Hammond was bothered by all this. He started forward toward the bed. I pushed him back.

“Tell us, Angela.”

“I don’t know anything.”

“Then we’ll wait until the symptoms start. And you’ll have to tell us while you scream from the pain.”

Her pillow was soaked with sweat. “I don’t know, I don’t know.”

“Tell us.”

“I don’t know anything.”

She began to shiver, slightly at first, and then more uncontrollably, until her whole body shook.

“It’s starting, Angela.”

She gritted her teeth. “I don’t care.”

“It will get worse, Angela.”

“No … no … no …”

I produced an ampoule of morphine and set it on the table in front of her.

“Tell us.”

Her shivering got worse, until her whole body was wracked with spasms.

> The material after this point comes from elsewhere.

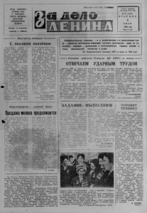 ОРГАН СЕВЕРНОГО РАЙКОМА КПСС И РАЙОННОГО СОВЕТА НАРОДНЫХ ДЕПУТАТОВ НОВОСИБИРСКОЙ ОБЛАСТИ В ы х о д и т по в то рн и к ам , четве рга м и субботам. Пр о л е та рии всех с т р а н. ja x s i i U Г а з е т а основана 20 июля 1935 г о д а № 69 ( 5 3 5 3 ) К Т О Р Н И If 8 и ю н я 1 9 8 2 года Ц е н а 2 коп. ---------------------Н авст реч у выборам С высоким ПРОДОВОЛЬСТВЕННАЯ ПРОБЛЕМА — И В ХОЗЯЙСТВЕННОМ, И В ПОЛИТИЧЕСКОМ П Л А НЕ — Я ВЛЯЕТСЯ ЦЕНТРАЛ ЬНОЙ ПРОБЛЕМОЙ Т Е К У Щ Е Г О - ДЕСЯТИЛЕТИЯ. ЗАЛОГ ЕЕ У С ПЕШНО ГО Р Е Ш Е Н И Я — В Ы П О Л Н Е Н И Е И П ЕР ЕВЫ П О Л Н ЕН И Е ГОДОВЫХ ПЛАНОВ И П Л АН А ОДИННАДЦАТОЙ П Я Т И Л Е Т К И В ЦЕЛОМ. ( И з Продовольс твенной про граммы СССР на период до 1 9 9 0 го д а ) . = Решения м а й с к о го Пленума ЦК КПСС—в жизнь = О ТВЕЧА ЕМ УДАРНЫМ ТРУДОМ Предстоящие выборы в местные Советы народных д е пу тато в и выборы народных судей — большое политическое событие в жизни нашего общес тв а. П е р ед партийными о р ганизациями . Советами, идеологическими р аботник ами в период подготовки и п р о в едения выборов встают о т в е т ственные з а д а ч и . Большую р а б о т у в этом нап рав лении ведет исполком нашего Совета . С момента опубликов ания в печати У к аз а о дне выборов проведены со б р ан и я в трудовы х к о л л е к т и в а х , где были выдвинуты в с о с тав избирательных ком иссий лучшие п р едставители из числа колхозников и местной интеллигенции. С р азу ж е о т крыли агитпункт. О р г ан и зо в ан но прошли с о б рания по выдвижению к а н д и д а т о в в депутаты районного и сельского Советов. В их с о с т а в были выдвинуты передо вики колхозн ого производства и сельской интеллигенции. В районный Совет единогласно выдвинут комсомолец В. И. П оздняков — шофер ко л х о - подъемом за. В сельский Совет выдвинуты лучшие работн ики ж и в отновод ств а Т. А. Ч и г ар е ва и Л . А. Е вдоким ова , механи з а то ры Н. В. Коростел ев и В. Н. Бирю ков и другие. По нашему Совету о б р а з о вано д в а д ц а т ь избирательных округов. Н а к а ж д о м из них за к реп лены агитаторы . И д я нав стречу выборам , труж ени ки к о л х о з а брали повышенные социалистические о б я з а т е л ь с т в а . И резуль таты достигнуты неплохие. За пять месяцев на ф у р аж н у ю к о р о ву над оен о по 10,4 ки л о г р ам ма молока , что значительно больше , чем было в прошлом г о д у на э то т ж е период. В настоящ ее врем я суточный надой на ко р о в у составляет 12,7 килограмм а. На днях б у д е т выполнен полугодовой . план по п р о д а ж е государству молока . Досрочно р а с п и т а - емся и с мясом. Н а р о д гото витс я к выборам с высоким подъемом. И. ГЛАМ А ЗД ИН , п ред сед ате ль Остяцкого сельского Совета. М а й с к и й (1 982 г . ) П л е н у м ЦК К П С С о д о б р и л - П р о д о в о л ь с т в е н н у ю п р о г р а м м у и н а м е т и л п у ти е е р е а л и з а ц и и . Б о л ь ш и е з а д а ч и п о с т а в л е н ы п е р е д к о л х о з а м и , с о в х о з а м и и о б с л у ж и в а ю щ и м и о р г а н и з а ц и я м и . К а с а е тс я э т о и к о л л е к т и в а н а ш е й р а й с е л ь х о з - т е х н и к и За п р о ш л ы й г о д м ы д о с р о ч н о с п р а в и л и с ь с о с в о и м и п л а н а м и О н и б ы л и в ы п о л н е н ы к 26 д е к а б р я . Р е м о н т н а я м а с т е р с к а я р е а л и з о в а л а п р о д у к ц и и на 322 т ы с я чи р у б л е й . П я т ь лет н а з а д р е а л и з а ц и я с о с т а в л я л а в с е г о 286 т ы с я ч р у б л е й . За 1981 г о д о т р е м о н т и р о в а н о 156 т р а к т о р о в , 21 а в т о м о б и л ь , 46 т р а к т о р н ы х д в и г а т е л е й ( х о т я п л а н и н е д о в о д и л с я ) , 35 з е р н о у б о р о ч н ы

The bed shook violently. I would have felt pity if I had not known that she was causing the reaction herself, that I had not injected any nalorphine at all.

“Angela.”

“All right,” she said, gasping. “I did it. I had to.”

“Why?”

“Because of the heat. The heat. The clinic and the heat.”

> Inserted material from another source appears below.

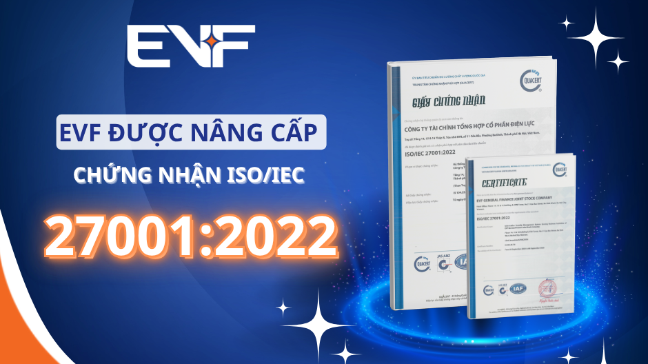 Công ty Tài chính Tổng hợp Cổ phần Điện lực (EVF) vừa được Trung tâm Chứng nhận Phù hợp (QUACERT) tái đánh giá và xác nhận Hệ thống quản lý an toàn thông tin phù hợp với Tiêu chuẩn ISO/IEC 27001:2022, phiên bản mới nhất hiện nay.

“You’d been stealing from the surgery?”

“Yes … not much, just a little … but enough …”

“How long?”

“Three years … maybe four …”

“And what happened?”

“Roman robbed the clinic … Roman Jones.”

“When?”

“Last week.”

“And?”

“The heat was on. They were checking everybody …”

“So you had to stop stealing?”

“Yes …”

“What did you do?”

“I tried to buy from Roman.”

“And?”

“He wanted money. A lot.”

“Who suggested the abortion?”

“Roman.”

“To get money?”

“Yes.”

“How much did he want?”

I already knew the answer. She said, “Three hundred dollars.”

“So you did the abortion?”

“Yes … yes … yes …”

“And who acted as anesthetist?”

“Roman. It was easy. Thiopental.”

“And Karen died?”

“She was all right when she left … We did it on my bed … the whole thing … It was all right, everything … on my bed …”

“But later she died.”

“Yes … Oh God, give me some stuff …”

“We will,” I said.

I filled a syringe with more water, squeezed out the air until a fine stream shot into the air, and injected it intravenously. Immediately she calmed. Her breathing became slower, more relaxed.